Advertisement
Advertisement
American cinema
Get more with myNEWS
A personalised news feed of stories that matter to you
Learn more
A still from Three Identical Strangers, a documentary about three brothers separated at birth and raised by different families who are reunited at the age of 19.

What to see at Hong Kong’s Sundance Film Festival 2018, from Hearts Beat Loud to Three Identical Strangers

Crowd-pleasing film about a father and daughter bonding over music, and documentary about identical triplets raised in separate families who meet by chance, among our top picks for festival offshoot

At the January premiere of Hearts Beat Loud, the closing film of this year’s Sundance Film Festival, the director of the event, John Cooper, came up to a group of journalists and asked if there should be more films like that in the programme. The answer was a resounding yes.

Hong Kong audiences will have the opportunity to see the crowd-pleasing film at Sundance Film Festival: Hong Kong, which opens this week. On the programme are 10 feature films, two documentary features and a selection of short films.
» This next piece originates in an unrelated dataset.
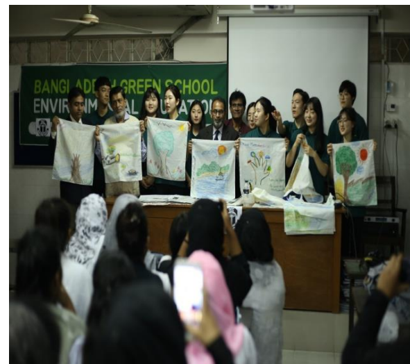
Students participating on Green School Campaign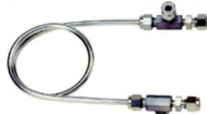
MD Series Gas Dryers

Green Book wins audience award at Toronto film festival

Hearts Beat Loud showcases the musical and acting talent of Kiersey Clemons, who has come a long way since her debut in Dope. At the festival’s awards ceremony she sang to the guitar strums of Nick Offerman, who plays her father in the film, and there was clearly a bond between them.
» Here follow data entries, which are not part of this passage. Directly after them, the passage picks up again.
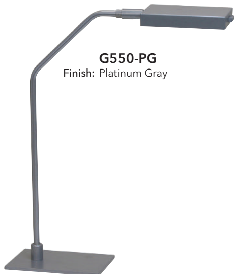
G550-PG Finish: Platinum Gray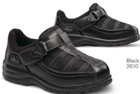
Black DD 2610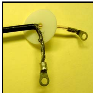
Figure 3 – HV Cable Prep Through Step 6

The film tells the story of Frank (Offerman), the owner of a failing Brooklyn record shop, who bonds with his daughter Sam (Clemons) playing music that goes viral. They clash when she wants to stick to her plan of leaving to study medicine.

“It’s a family film, a music-driven film and a story I’d always wanted to tell,” says writer-director Brett Haley. “It’s a sweet, heart-warming and sometimes funny tale that is a good antidote for a lot of what’s wrong in the world right now.”

At one point Sam considers staying in Brooklyn, as she has fallen in love with Rose (Sasha Lane). The lesbian relationship is commendably incidental. “I asked Kiersey and Sasha, who both identify as queer, to tell me the right way to do this,” Haley notes. “With their characters I hope people see two people who love each other, so it’s like any other summer romance.”

Lane also appears in Desiree Akhavan’s The Miseducation of Cameron Post, as a feisty teenage marijuana farmer with a prosthetic leg who calls herself Jane Fonda. She’s living at a restrictive gay conversion centre in 1993 and her freewheeling character helps newcomer, the titular Cameron (Chloë Grace Moretz), settle in. The film won the grand jury prize at the Sundance festival, held annually in Park City, in the American state of Utah.

Moretz, who is heterosexual, throws herself wholeheartedly into the role. “I’m just an actor portraying the story and the real bravery came from the people I met who actually survived conversion therapy,” says Moretz. She felt close to the film’s subject matter, as she has a gay brother.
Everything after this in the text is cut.